(Beginning of RECORDS TO USE)

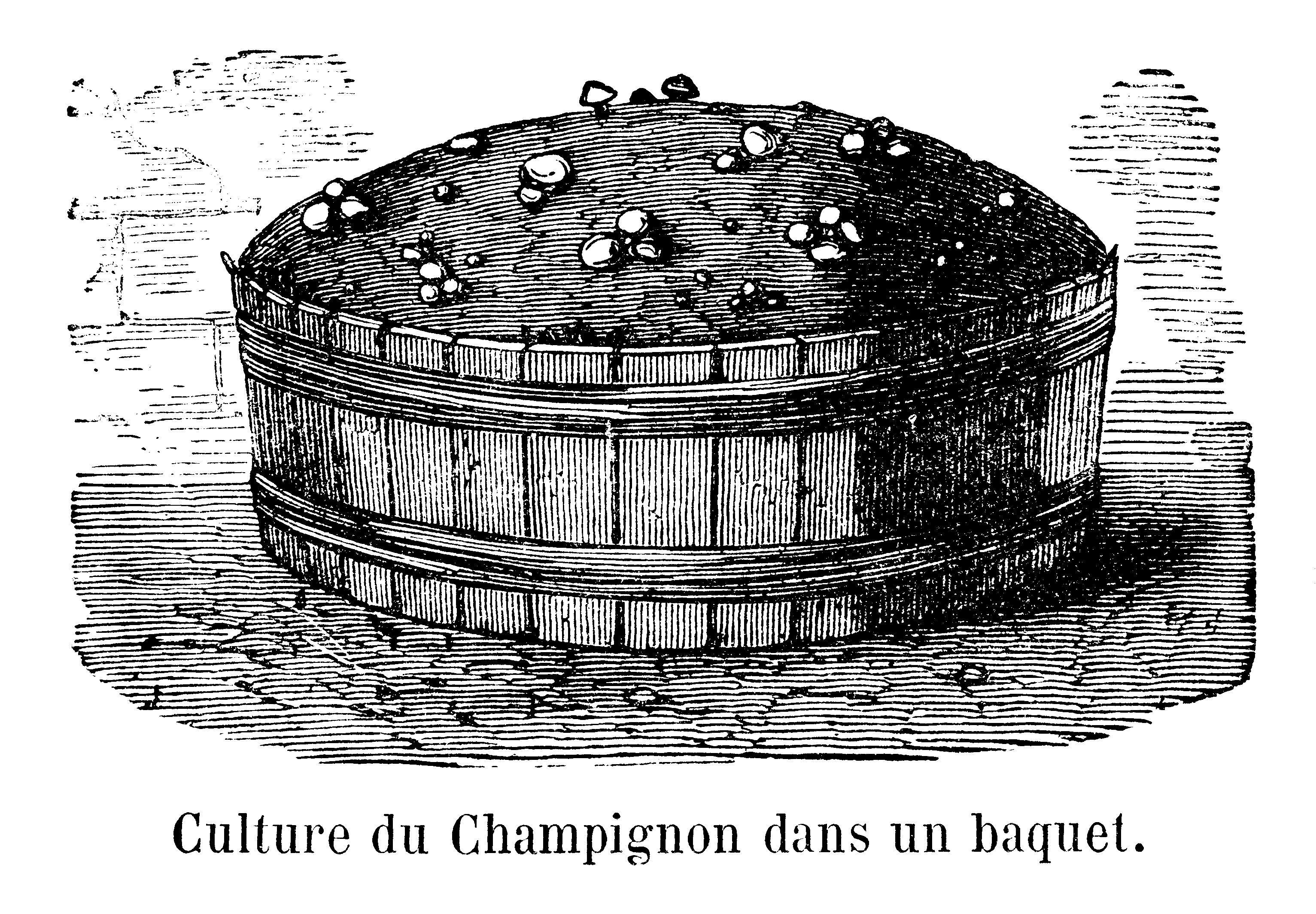 mushroom cultivation in a tub
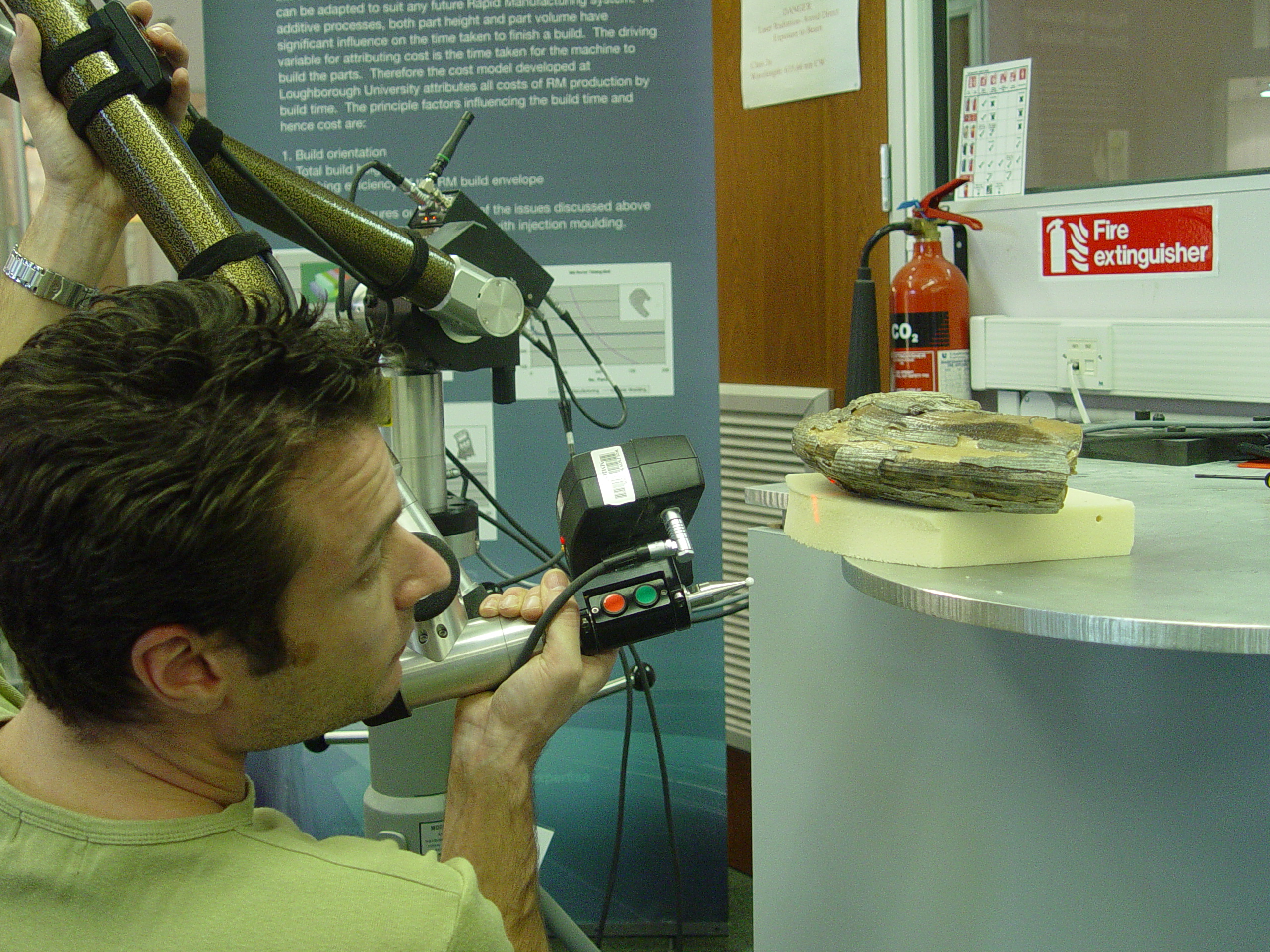 Laser scanning of a fossil Hippopotamus tooth at Loughborough University, England. The tooth (a canine) was from a specimen discovered in river terrace gravels of Quaternary age near Derby in the late 19th century. Known as "The Allenton Hippo" it is now on display at Derby Museum and Art Gallery. It was being scanned in order to make a metal reproduction for a piece of public realm sculpture, by artist Michael Dan Archer.
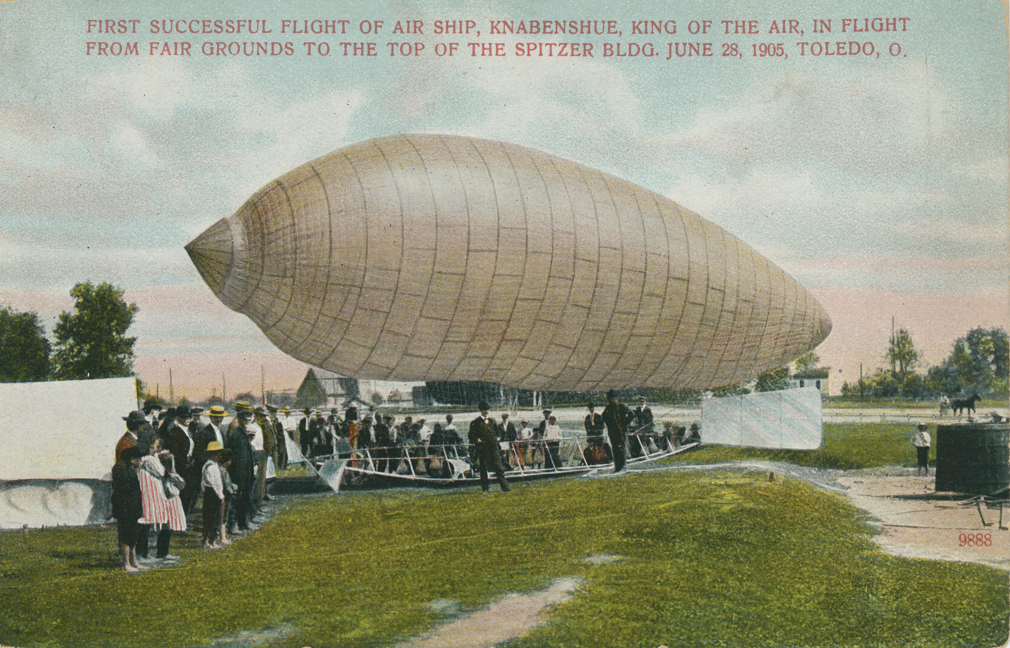 A postcard from the Ken Levin Toledo Postcard Collection, donated by Toledo resident, Ken Levin. The collection contains picture postcards about the Toledo area. Mr. Levin's collection was published by the Toledo Blade in a book entitled "You Will Do Better in Toledo: From Frogtown to Glass City", edited by Sandy and John R. Husman.
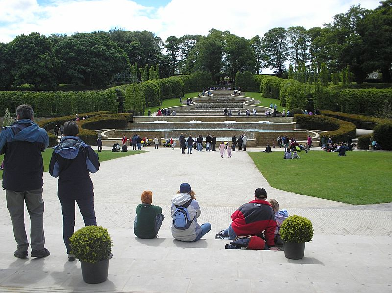 Alnwick Garden, Alnwick, Northumberland, taken by me, May 2006
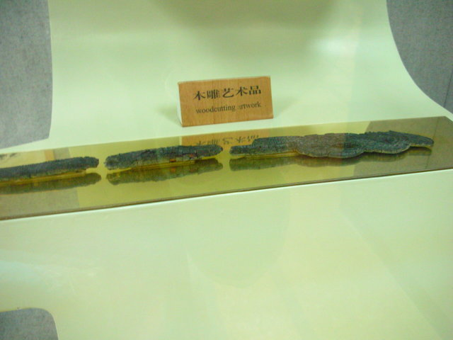 Carbonized wood carving, Xinle neolithic site, Shenyang, China 瀋陽新樂遺址出土鳥形炭化木雕藝術品
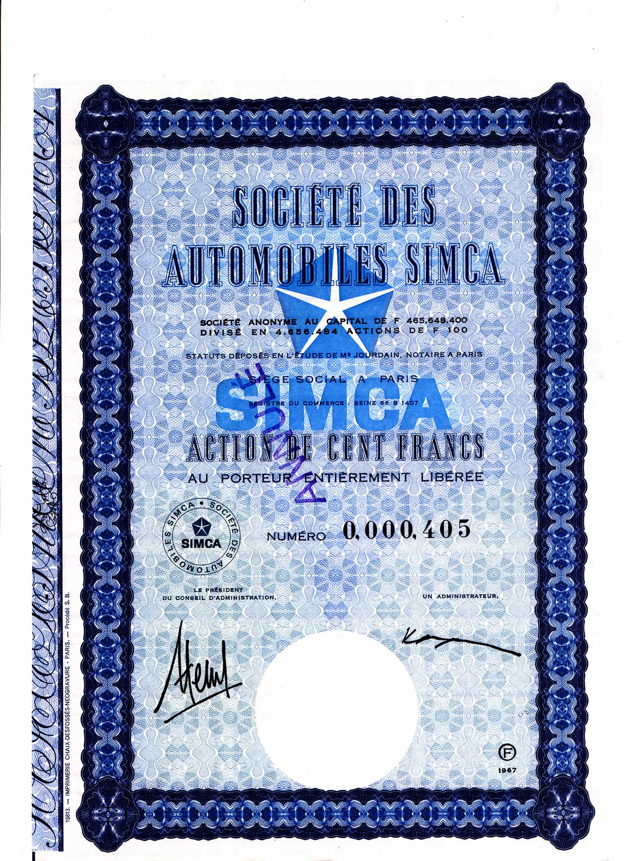 Scan from historic paper taken by user

(End of RECORDS TO USE)

§ PROBLEM:
Restate the entries verbatim, without pictures.

§ RESULT OF THE EXERCISE:
 mushroom cultivation in a tub
 Laser scanning of a fossil Hippopotamus tooth at Loughborough University, England. The tooth (a canine) was from a specimen discovered in river terrace gravels of Quaternary age near Derby in the late 19th century. Known as "The Allenton Hippo" it is now on display at Derby Museum and Art Gallery. It was being scanned in order to make a metal reproduction for a piece of public realm sculpture, by artist Michael Dan Archer.
 A postcard from the Ken Levin Toledo Postcard Collection, donated by Toledo resident, Ken Levin. The collection contains picture postcards about the Toledo area. Mr. Levin's collection was published by the Toledo Blade in a book entitled "You Will Do Better in Toledo: From Frogtown to Glass City", edited by Sandy and John R. Husman.
 Alnwick Garden, Alnwick, Northumberland, taken by me, May 2006
 Carbonized wood carving, Xinle neolithic site, Shenyang, China 瀋陽新樂遺址出土鳥形炭化木雕藝術品
 Scan from historic paper taken by user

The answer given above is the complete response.